Data extracted from a collection:
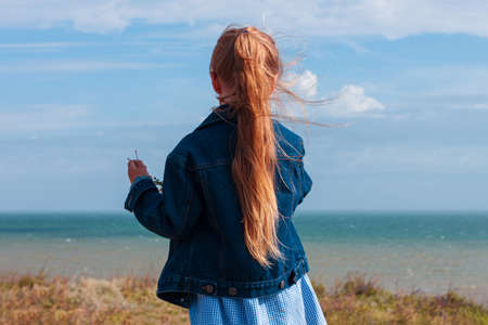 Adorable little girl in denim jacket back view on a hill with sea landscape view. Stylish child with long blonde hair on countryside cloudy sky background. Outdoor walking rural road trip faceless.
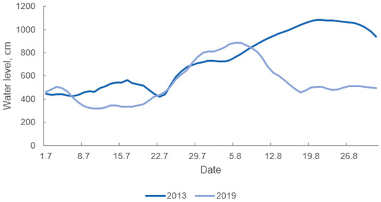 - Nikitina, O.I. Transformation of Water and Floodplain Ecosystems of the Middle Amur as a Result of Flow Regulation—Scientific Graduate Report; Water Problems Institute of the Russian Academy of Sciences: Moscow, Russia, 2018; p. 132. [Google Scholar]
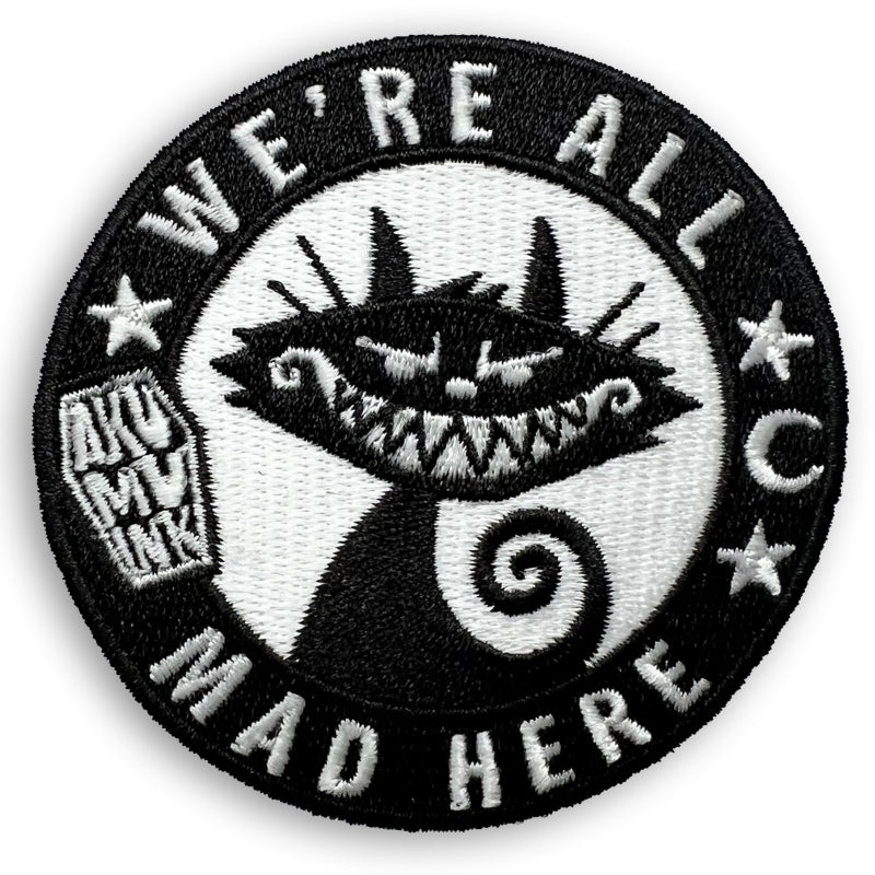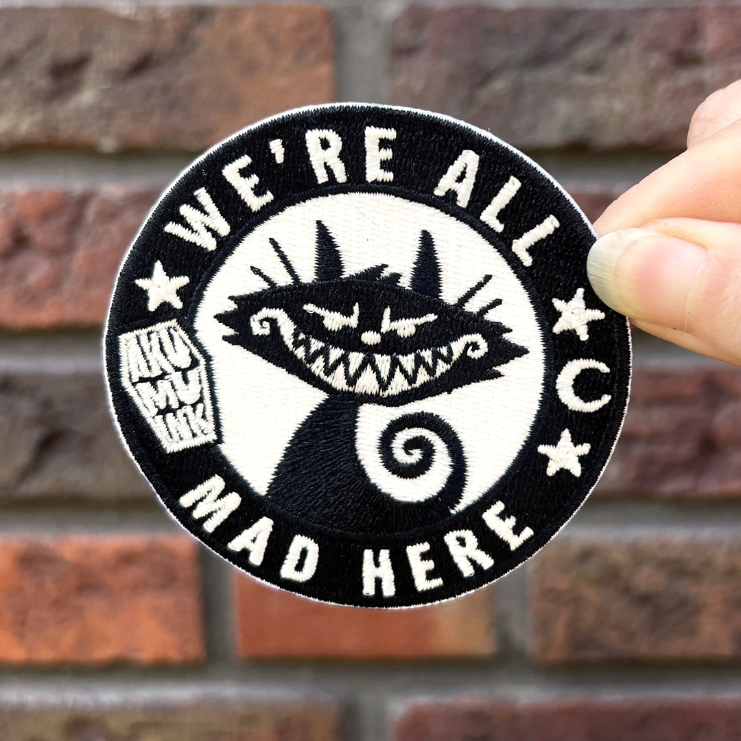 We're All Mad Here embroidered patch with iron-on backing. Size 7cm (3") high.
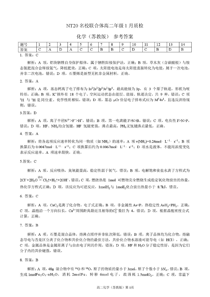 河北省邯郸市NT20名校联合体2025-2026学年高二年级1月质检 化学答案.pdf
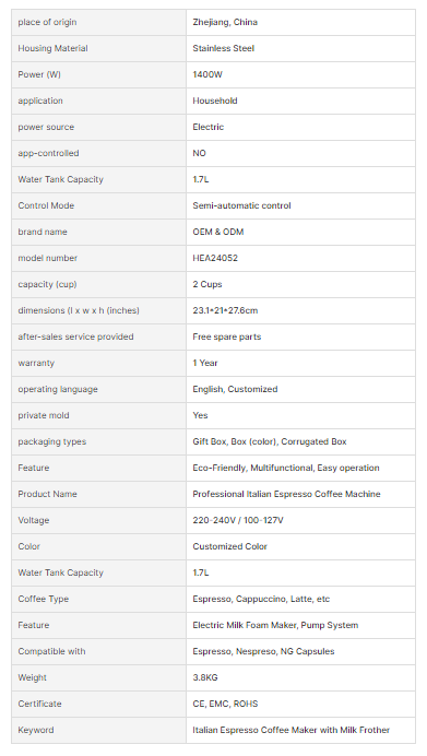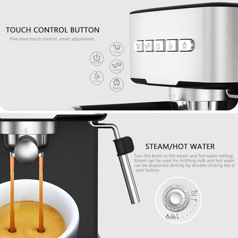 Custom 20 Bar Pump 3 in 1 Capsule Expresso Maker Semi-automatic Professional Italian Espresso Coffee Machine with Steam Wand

• **Exercise aim**:
Set down all entries above again, exactly, without images.

• **Task response**:
 Adorable little girl in denim jacket back view on a hill with sea landscape view. Stylish child with long blonde hair on countryside cloudy sky background. Outdoor walking rural road trip faceless.
 - Nikitina, O.I. Transformation of Water and Floodplain Ecosystems of the Middle Amur as a Result of Flow Regulation—Scientific Graduate Report; Water Problems Institute of the Russian Academy of Sciences: Moscow, Russia, 2018; p. 132. [Google Scholar]
 We're All Mad Here embroidered patch with iron-on backing. Size 7cm (3") high.
 河北省邯郸市NT20名校联合体2025-2026学年高二年级1月质检 化学答案.pdf
 Custom 20 Bar Pump 3 in 1 Capsule Expresso Maker Semi-automatic Professional Italian Espresso Coffee Machine with Steam Wand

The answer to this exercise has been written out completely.